Алексей Ильичев. Праздник проигравших. Поэты антологии «Уйти. Остаться. Жить». Составитель Борис Кутенков. Предисловие Ольги Балла, послесловие Полины Барсковой*. Москва, «Выргород», 2025

 


 

Светлана Михеева // Формаслов
Светлана Михеева // Формаслов

За всем, что написано об Алексее Ильичеве (1970 – 1995), скрыто недоумение. Сдержанное — в случае с теми, кто его знал (в основном участниками питерского ЛИТО Вячеслава Лейкина), более явное — у тех, кто писал о нем после, не застав живым. Вероятно, возникало оно отчасти из-за несоответствия общественным представлениям и социальным ожиданиям. У парня была биография, как сказано в одной сетевой публикации, «простая до неприличия» (Вадим Пугач: «Учитывая небогатую и недлинную биографию И., о нем можно было бы сказать, что он «дитя рабочей окраины»). Выходец из грубой рабочей среды, сам трудится на стройке — но при этом его легко принять и за композитора, и за студента. О нем всегда приводятся слова Натальи Абельской (журналистка и поэтесса в начале девяностых открыла Ильичеву ЛИТО Лейкина, где сама занималась) как о человеке без внешности и личной истории, не привязанном ни к какому статусу: «Он казался вам тем, за кого вы готовы были его принять». Это ощущение неопределенности, неясности или недосказанности, вряд ли комфортное для окружающих, поддерживалось и его стихами, лишенными, на первый взгляд, теплого человеческого присутствия — каких-то особенностей, привычек, обыденного взгляда на житейские вещи.
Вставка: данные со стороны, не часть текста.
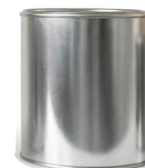
1/4 Litro P/S

Capacidad: 500 ml ø: 307 Pzas por atado: 30

Но это недоумение все же — в глазах смотрящего. Даром бесконечных превращений Ильичев, думается, не обладал; судя по текстам — ничего о себе не скрывал, напротив, демонстрировал свободу быть, а не казаться. Но, возможно, именно этим еще больше затмевал смотрящим доступ к чертам, способным его сиюминутно определить, преподнести как устойчивый социальный тип, предлагающим ключ к пониманию его поэтической программы.
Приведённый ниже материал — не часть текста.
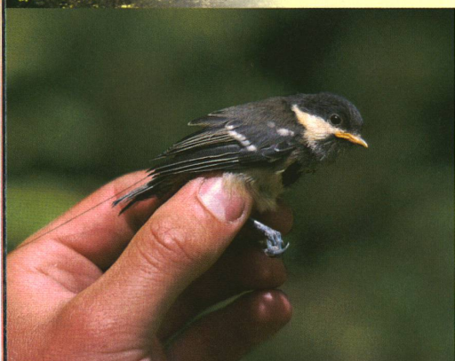
A l'aide d'un mini-émetteur (agrandi sur la photo de droite), les premiers vols d'essai des mésanges peuvent être suivis.

De nombreux animaux de la forêt vivent cachés, tels les mésanges charbonnières et les mésanges noires. Ce n'est qu'au moyen d'un mini-émetteur spécialement mis au point que les chercheurs de la station ornithologique suisse de Sempach ont pu suivre la destinée de jeunes mésanges.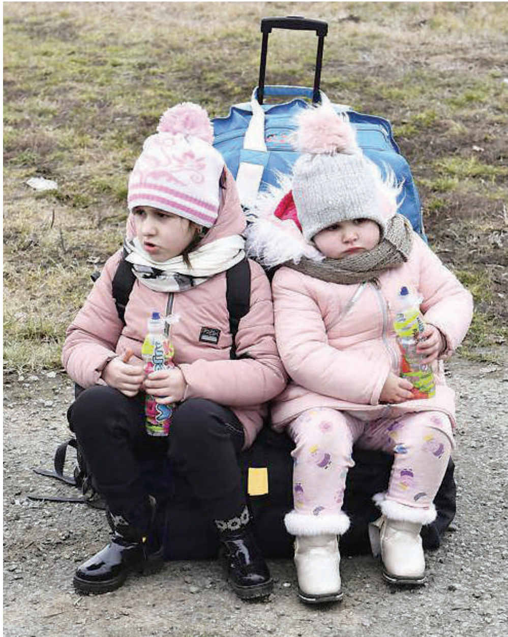
Watoto wakiwa eneo la ukaguzi baada ya kuokolewa na msamaria mwema kutoka nchini Ukraine, na kuvuka mpaka wa Beregsurany ili kuingia nchini Hungary, jana.

“Jiji lingine lolote litatufaa, katika nchi, ambayo makombora yake hayarushwi dhidi yetu. Hii ndiyo njia pekee ya mazungumzo yanaweza kuwa ya ukweli na yanaweza kumaliza vita,” anasema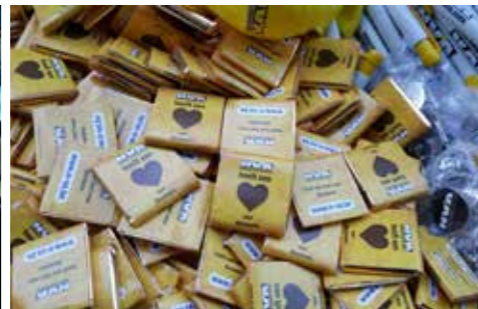
▲ Geschenkjjes en chocolade voor de Meulebekenaren.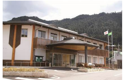
●清水行政局（有田川町清水387-1）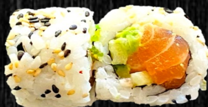
Spicy Laks m. chilimayo. Avocado, agurk og sesam 80,-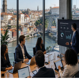
بورنو - البرتغال

Книга стихов Ильичева, которую издали в мемориальной серии, таким ключом как раз является: она предоставляет читательскому вниманию большой корпус стихов, значительная часть которых датирована последними годами жизни. Название для книги выбрано очень точно: проигравшие — это ровно все живущие, а праздник, в ловушку которого они попали, — это, внезапно, их жизнь. Об этом весь Ильичев.

***
Если следовать известным фактам, Ильичев пробыл в ЛИТО недолго — в 1995-м трагически погиб, упав в воду. Поэтическая кристаллизация его была стремительной. И спустя время, когда черты его и без того неясной личности стерлись, оказалось, что тексты (к нашему облегчению и удивлению) могут обойтись и без таких излишеств.

В книге, составленной тематически целеустремленно, мы слышим безупречную сосредоточенность, которая, минуя обыденные приметы, и рисует культурный контекст пребывания этой поэзии, и выводит подробную формулу ее героя — «прозрачное, лабораторно чистое „я“», о котором говорит автор предисловия Ольга Балла. Здесь вся подноготная молодого поэта, манифест интеллектуальных и духовных устремлений: «лабораторное „я“ мучительно ищет лазейки в бесперспективности существования и анализирует свою обязанность самоопределиться, став его частью».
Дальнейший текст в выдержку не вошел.